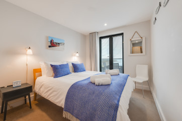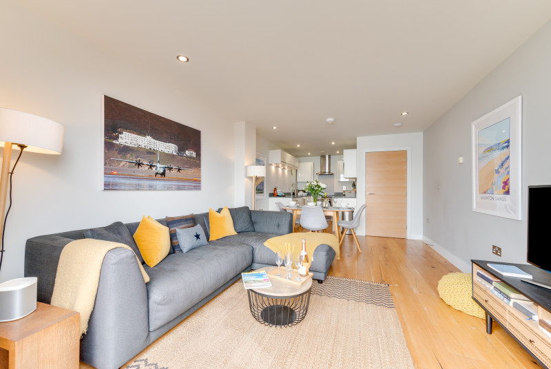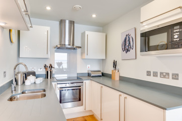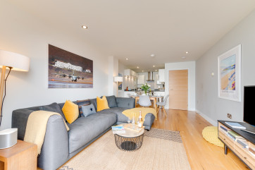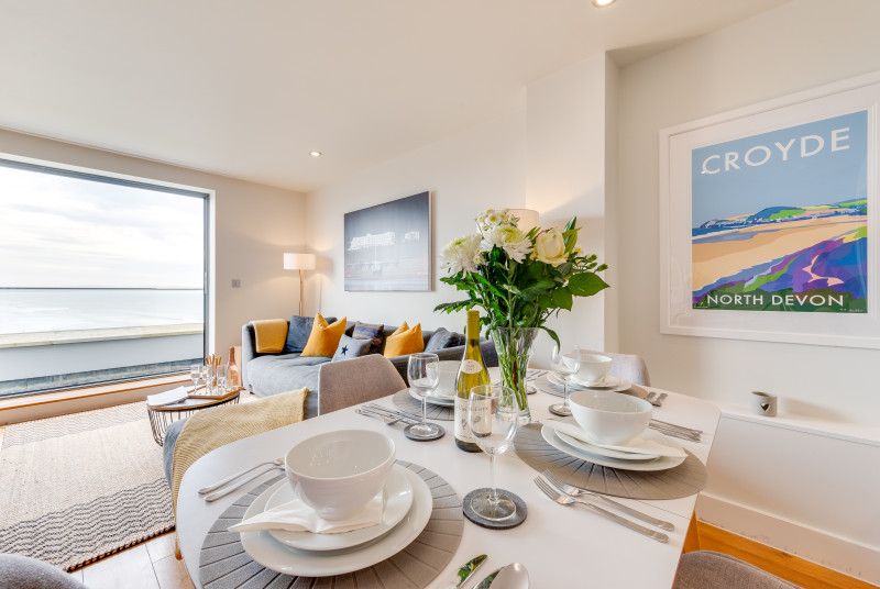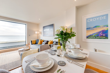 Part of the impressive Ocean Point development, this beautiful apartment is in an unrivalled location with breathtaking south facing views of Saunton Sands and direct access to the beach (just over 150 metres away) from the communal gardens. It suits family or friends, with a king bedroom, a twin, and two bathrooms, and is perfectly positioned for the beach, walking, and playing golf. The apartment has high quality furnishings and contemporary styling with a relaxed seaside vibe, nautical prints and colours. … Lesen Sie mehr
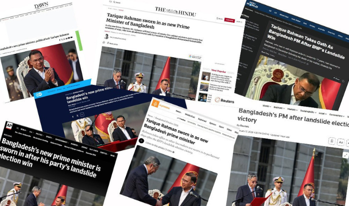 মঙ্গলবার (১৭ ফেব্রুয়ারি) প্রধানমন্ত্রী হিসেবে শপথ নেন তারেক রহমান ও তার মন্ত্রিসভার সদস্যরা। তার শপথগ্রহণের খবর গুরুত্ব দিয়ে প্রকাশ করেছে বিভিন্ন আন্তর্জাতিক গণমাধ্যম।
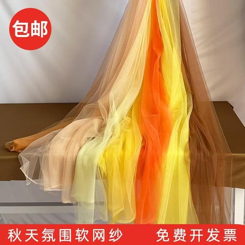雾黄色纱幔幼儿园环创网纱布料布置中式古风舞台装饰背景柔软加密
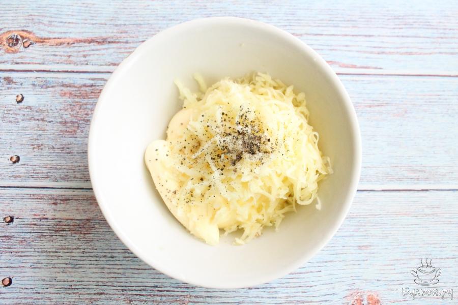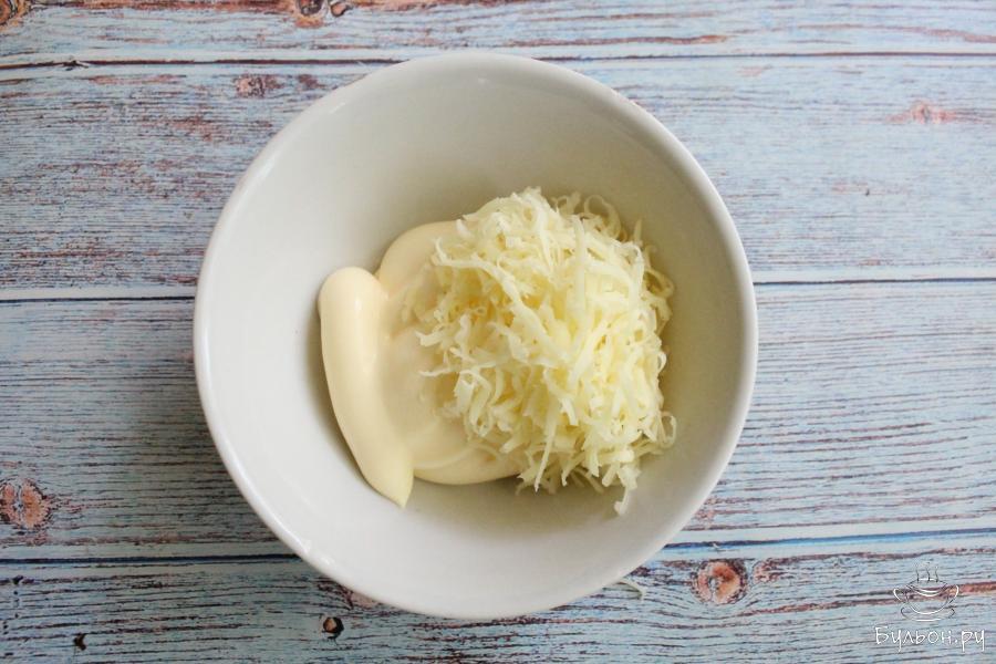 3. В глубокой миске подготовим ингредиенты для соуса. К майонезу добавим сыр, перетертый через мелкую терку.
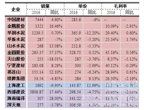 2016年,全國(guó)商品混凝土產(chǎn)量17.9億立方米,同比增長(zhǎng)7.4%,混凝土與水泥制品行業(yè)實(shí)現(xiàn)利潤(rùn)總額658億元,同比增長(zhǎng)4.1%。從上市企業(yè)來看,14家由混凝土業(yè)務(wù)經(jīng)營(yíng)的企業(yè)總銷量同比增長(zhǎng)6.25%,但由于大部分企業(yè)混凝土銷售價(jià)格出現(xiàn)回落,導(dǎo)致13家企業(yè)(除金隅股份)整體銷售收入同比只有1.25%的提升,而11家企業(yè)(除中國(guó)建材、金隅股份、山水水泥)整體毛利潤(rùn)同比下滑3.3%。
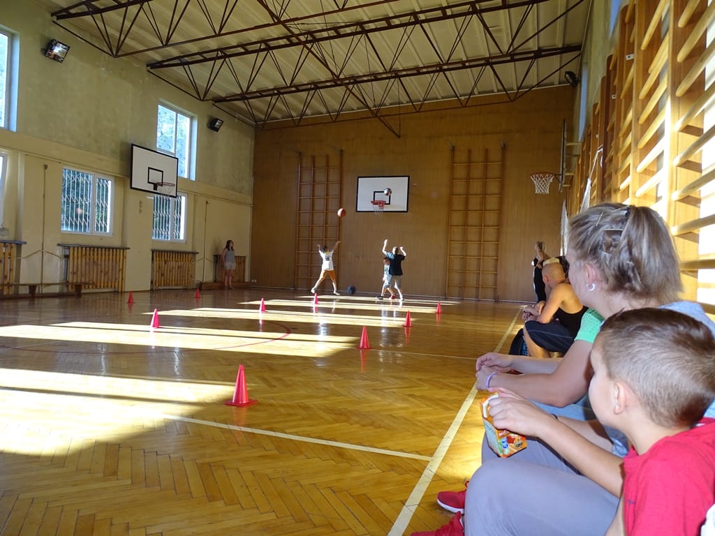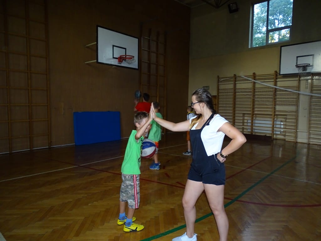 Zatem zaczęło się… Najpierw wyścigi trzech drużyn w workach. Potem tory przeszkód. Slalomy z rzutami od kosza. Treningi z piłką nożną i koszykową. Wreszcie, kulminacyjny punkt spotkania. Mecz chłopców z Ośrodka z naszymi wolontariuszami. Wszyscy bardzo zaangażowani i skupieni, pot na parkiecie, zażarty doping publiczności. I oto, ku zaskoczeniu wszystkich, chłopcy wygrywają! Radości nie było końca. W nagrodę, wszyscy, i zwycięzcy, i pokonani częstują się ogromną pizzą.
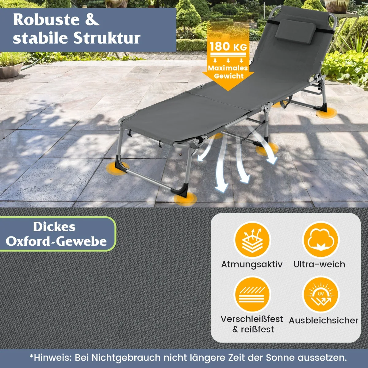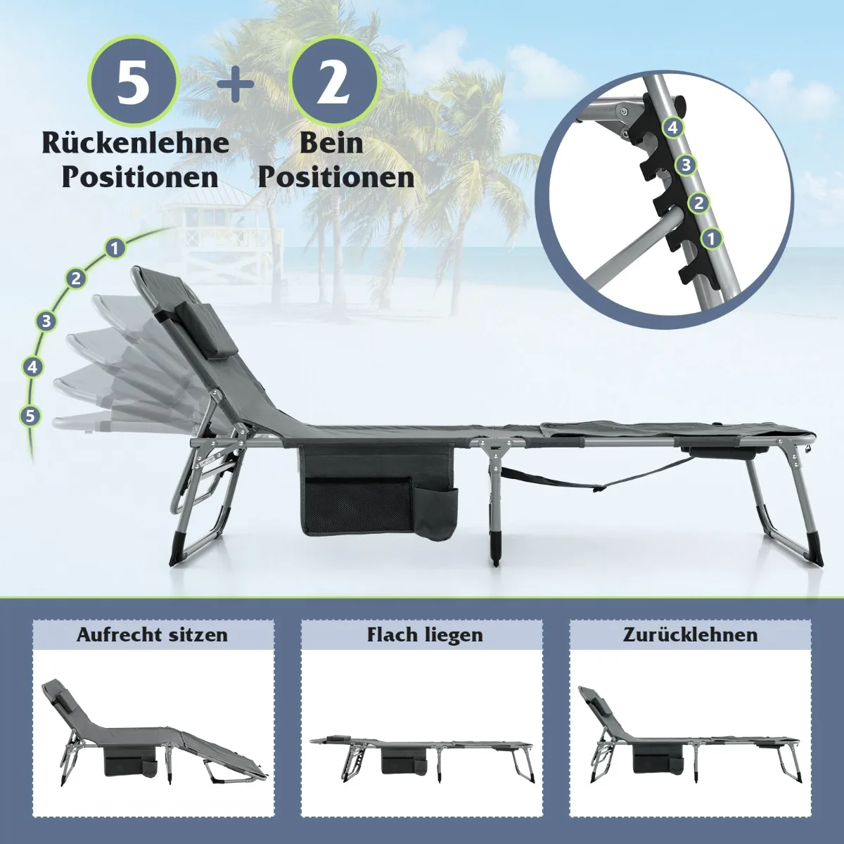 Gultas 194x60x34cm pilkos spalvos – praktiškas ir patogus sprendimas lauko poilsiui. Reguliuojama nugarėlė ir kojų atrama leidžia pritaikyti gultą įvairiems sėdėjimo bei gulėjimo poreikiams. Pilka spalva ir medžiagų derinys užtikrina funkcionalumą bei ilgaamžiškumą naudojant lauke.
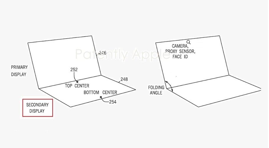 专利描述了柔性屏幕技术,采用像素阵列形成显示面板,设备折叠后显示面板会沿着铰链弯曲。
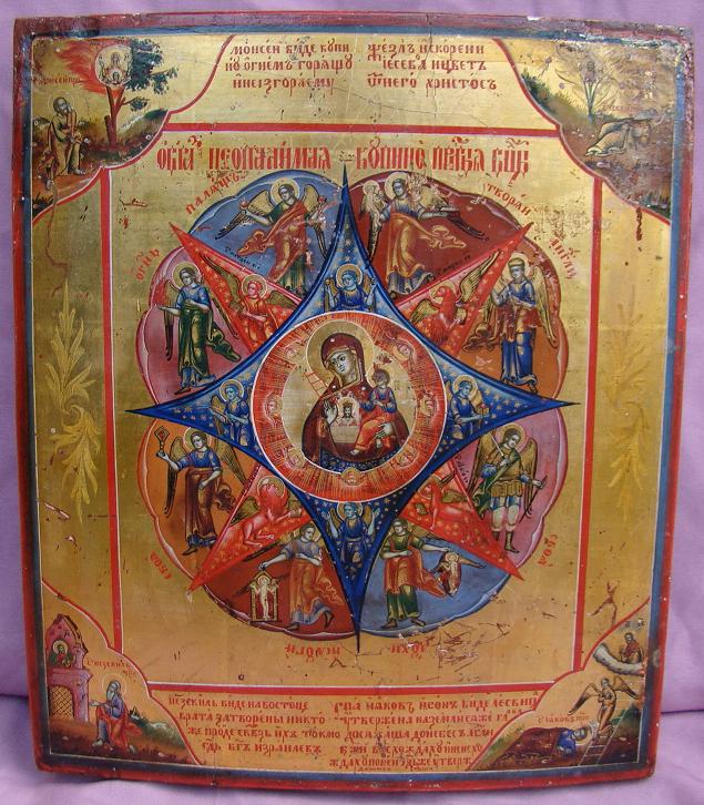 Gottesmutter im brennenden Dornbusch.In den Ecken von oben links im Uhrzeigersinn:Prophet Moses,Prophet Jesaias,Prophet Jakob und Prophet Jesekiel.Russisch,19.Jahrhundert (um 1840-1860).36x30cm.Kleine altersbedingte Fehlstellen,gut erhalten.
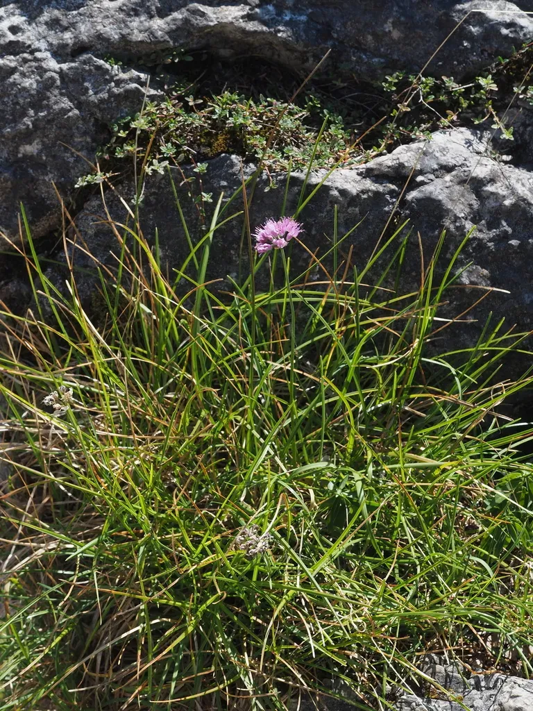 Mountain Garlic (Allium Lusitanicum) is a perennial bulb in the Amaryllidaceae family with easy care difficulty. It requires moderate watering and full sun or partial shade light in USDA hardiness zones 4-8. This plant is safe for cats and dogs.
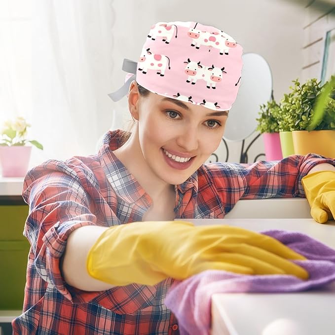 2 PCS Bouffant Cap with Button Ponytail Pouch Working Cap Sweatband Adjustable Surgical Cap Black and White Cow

* TASK GOAL *
Output only the lines above from the line that holds "雾黄色纱幔幼儿园环创网纱布料布置中式古风舞台装饰背景柔软加密" through the line that holds "3. В глубокой", both ends included, and exclude pictures.

* SOLVED PROBLEM *
雾黄色纱幔幼儿园环创网纱布料布置中式古风舞台装饰背景柔软加密
 3. В глубокой миске подготовим ингредиенты для соуса. К майонезу добавим сыр, перетертый через мелкую терку.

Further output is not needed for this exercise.